(Stored data)
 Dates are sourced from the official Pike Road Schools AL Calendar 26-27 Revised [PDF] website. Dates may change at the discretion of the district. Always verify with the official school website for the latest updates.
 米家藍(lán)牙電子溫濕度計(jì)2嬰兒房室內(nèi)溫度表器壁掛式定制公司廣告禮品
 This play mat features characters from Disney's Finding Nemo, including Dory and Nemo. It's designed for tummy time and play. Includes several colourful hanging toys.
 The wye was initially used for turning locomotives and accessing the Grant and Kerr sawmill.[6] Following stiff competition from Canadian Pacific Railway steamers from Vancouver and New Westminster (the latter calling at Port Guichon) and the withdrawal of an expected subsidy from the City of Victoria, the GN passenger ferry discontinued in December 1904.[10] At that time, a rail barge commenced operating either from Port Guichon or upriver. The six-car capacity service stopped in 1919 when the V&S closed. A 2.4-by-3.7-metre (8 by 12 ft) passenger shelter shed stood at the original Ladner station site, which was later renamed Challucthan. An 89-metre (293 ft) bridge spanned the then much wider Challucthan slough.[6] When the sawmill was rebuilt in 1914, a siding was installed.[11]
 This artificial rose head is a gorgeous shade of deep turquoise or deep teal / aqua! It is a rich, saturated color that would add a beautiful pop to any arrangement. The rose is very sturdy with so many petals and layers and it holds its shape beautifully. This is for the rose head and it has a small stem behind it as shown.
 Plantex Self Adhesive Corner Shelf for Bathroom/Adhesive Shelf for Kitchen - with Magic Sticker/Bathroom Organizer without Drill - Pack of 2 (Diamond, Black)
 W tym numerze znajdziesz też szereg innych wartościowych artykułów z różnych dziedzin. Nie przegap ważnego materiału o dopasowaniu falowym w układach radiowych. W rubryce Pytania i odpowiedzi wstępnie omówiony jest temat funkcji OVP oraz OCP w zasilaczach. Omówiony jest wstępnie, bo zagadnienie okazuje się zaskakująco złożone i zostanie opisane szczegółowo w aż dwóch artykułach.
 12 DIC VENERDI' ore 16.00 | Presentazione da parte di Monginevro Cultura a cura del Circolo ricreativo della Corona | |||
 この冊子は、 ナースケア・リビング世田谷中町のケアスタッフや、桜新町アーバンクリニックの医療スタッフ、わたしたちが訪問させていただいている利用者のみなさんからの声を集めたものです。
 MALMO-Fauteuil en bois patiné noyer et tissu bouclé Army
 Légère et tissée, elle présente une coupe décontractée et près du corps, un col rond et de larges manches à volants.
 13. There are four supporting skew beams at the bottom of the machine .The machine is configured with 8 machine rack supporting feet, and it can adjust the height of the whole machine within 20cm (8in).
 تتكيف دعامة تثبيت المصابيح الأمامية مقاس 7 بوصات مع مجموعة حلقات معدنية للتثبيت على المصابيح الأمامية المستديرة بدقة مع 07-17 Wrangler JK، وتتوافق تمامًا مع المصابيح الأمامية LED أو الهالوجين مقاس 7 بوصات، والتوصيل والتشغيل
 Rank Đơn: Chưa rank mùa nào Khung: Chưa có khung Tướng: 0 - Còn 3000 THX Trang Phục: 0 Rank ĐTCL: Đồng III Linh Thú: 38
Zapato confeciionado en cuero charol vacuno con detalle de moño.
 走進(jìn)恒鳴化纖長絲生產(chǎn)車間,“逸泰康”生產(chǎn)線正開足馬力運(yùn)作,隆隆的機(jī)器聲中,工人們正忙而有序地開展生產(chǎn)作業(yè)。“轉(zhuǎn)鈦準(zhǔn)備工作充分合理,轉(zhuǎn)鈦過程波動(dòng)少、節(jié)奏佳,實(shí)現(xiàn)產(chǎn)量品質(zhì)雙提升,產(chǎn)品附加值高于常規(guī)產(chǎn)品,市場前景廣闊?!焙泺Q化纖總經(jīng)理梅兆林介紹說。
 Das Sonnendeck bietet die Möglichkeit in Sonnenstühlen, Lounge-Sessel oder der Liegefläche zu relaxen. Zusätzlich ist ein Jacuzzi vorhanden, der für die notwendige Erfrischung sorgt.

PROBLEM DETAILS: All lines in the data above from the one with "MALMO-Fauteuil en bois" through the one with "13. There are" must be repeated exactly, and no others.

SOLUTION FOR THIS PROBLEM:
 MALMO-Fauteuil en bois patiné noyer et tissu bouclé Army
 Légère et tissée, elle présente une coupe décontractée et près du corps, un col rond et de larges manches à volants.
 13. There are four supporting skew beams at the bottom of the machine .The machine is configured with 8 machine rack supporting feet, and it can adjust the height of the whole machine within 20cm (8in).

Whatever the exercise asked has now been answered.